Task objective:
In the records below, find the line holding "Jacquard Subtle Tonal" and the line holding "巡診隊(duì)醫(yī)生". Set down both, with every line between them, exactly.

Task data:
=== Section Start ===

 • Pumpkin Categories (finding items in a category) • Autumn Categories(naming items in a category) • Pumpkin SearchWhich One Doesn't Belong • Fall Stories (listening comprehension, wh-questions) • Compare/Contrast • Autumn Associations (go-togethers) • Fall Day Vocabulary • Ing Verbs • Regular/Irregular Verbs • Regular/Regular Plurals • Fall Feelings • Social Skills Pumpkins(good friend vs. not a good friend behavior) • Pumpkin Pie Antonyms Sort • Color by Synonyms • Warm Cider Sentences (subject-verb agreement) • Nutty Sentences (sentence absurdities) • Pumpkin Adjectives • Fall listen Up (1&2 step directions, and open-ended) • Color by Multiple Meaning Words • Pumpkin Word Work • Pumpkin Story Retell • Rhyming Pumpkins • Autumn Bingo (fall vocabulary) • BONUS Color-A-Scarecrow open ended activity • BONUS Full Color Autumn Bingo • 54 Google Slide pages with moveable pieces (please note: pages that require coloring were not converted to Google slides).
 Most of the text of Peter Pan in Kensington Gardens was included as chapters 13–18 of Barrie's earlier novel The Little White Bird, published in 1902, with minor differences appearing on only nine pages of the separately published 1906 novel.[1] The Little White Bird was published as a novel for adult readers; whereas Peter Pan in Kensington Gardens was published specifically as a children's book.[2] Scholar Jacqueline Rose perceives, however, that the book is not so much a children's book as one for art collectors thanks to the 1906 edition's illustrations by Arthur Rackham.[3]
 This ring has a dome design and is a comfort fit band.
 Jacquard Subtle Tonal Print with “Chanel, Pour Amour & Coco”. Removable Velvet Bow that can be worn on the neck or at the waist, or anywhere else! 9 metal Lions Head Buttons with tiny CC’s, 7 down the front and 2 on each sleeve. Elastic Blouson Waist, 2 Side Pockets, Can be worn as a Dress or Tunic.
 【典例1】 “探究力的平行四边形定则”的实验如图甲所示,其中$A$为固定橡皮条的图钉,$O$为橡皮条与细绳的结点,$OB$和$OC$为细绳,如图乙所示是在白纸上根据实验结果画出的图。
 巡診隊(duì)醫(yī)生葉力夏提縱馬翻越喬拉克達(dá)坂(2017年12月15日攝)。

=== Section End ===
=== Section Start ===

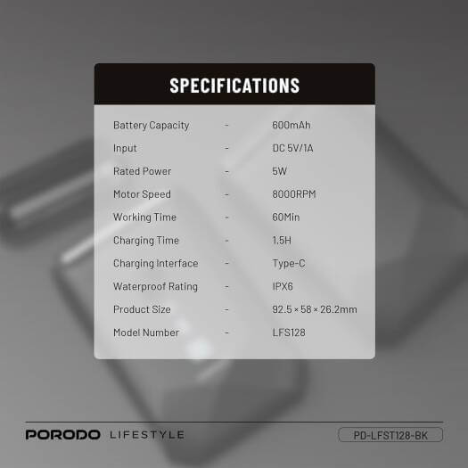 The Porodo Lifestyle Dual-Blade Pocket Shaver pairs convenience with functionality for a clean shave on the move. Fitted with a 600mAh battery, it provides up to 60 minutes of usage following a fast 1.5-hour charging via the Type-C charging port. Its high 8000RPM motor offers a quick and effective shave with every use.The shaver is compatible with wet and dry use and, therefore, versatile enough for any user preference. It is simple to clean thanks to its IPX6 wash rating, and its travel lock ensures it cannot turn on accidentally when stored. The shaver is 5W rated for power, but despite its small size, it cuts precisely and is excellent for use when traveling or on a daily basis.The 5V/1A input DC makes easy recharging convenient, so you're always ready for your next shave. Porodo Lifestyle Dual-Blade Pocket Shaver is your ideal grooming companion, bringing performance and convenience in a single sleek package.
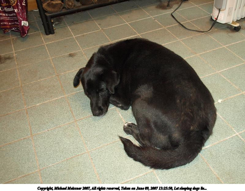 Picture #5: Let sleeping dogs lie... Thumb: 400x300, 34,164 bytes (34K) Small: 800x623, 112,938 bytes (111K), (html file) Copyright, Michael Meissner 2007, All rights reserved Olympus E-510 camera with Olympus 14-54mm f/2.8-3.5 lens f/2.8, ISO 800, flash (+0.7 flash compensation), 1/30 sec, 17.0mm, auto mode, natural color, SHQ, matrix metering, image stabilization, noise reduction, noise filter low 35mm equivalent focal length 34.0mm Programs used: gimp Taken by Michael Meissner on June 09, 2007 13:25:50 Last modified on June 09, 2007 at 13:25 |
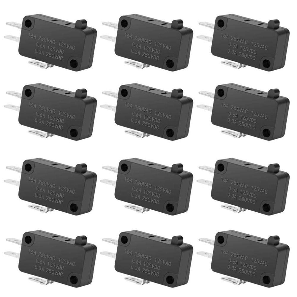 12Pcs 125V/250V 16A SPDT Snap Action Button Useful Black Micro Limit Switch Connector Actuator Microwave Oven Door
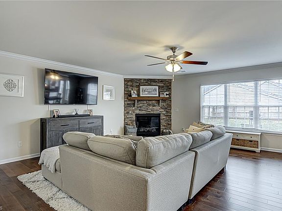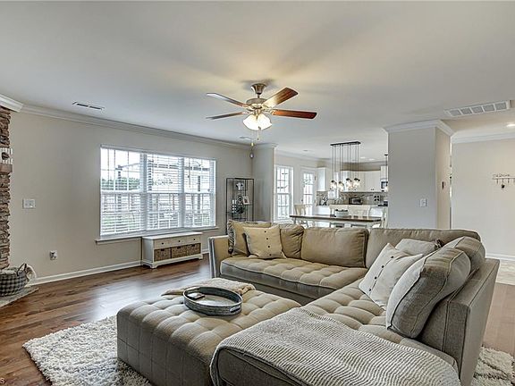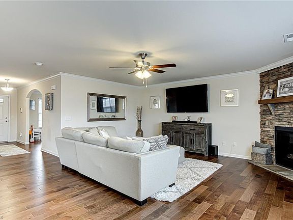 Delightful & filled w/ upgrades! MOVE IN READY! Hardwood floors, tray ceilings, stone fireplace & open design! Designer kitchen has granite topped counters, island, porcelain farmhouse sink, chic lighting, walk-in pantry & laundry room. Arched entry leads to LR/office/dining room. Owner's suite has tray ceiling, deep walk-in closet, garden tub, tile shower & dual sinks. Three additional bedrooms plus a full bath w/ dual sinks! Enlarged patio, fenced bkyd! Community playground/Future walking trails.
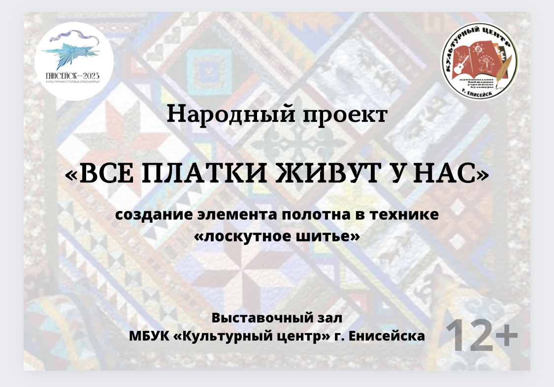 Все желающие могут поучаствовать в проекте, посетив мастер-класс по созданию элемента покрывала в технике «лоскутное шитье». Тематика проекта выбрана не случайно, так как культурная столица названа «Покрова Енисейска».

=== Section End ===
=== Section Start ===

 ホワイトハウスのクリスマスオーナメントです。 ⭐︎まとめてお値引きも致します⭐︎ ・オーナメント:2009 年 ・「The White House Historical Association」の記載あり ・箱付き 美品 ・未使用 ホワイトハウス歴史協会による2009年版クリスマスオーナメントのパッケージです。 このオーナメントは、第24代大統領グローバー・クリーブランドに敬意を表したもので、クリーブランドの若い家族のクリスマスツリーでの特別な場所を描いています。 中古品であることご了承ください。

=== Section End ===

Finished task:
 Jacquard Subtle Tonal Print with “Chanel, Pour Amour & Coco”. Removable Velvet Bow that can be worn on the neck or at the waist, or anywhere else! 9 metal Lions Head Buttons with tiny CC’s, 7 down the front and 2 on each sleeve. Elastic Blouson Waist, 2 Side Pockets, Can be worn as a Dress or Tunic.
 【典例1】 “探究力的平行四边形定则”的实验如图甲所示,其中$A$为固定橡皮条的图钉,$O$为橡皮条与细绳的结点,$OB$和$OC$为细绳,如图乙所示是在白纸上根据实验结果画出的图。
 巡診隊(duì)醫(yī)生葉力夏提縱馬翻越喬拉克達(dá)坂(2017年12月15日攝)。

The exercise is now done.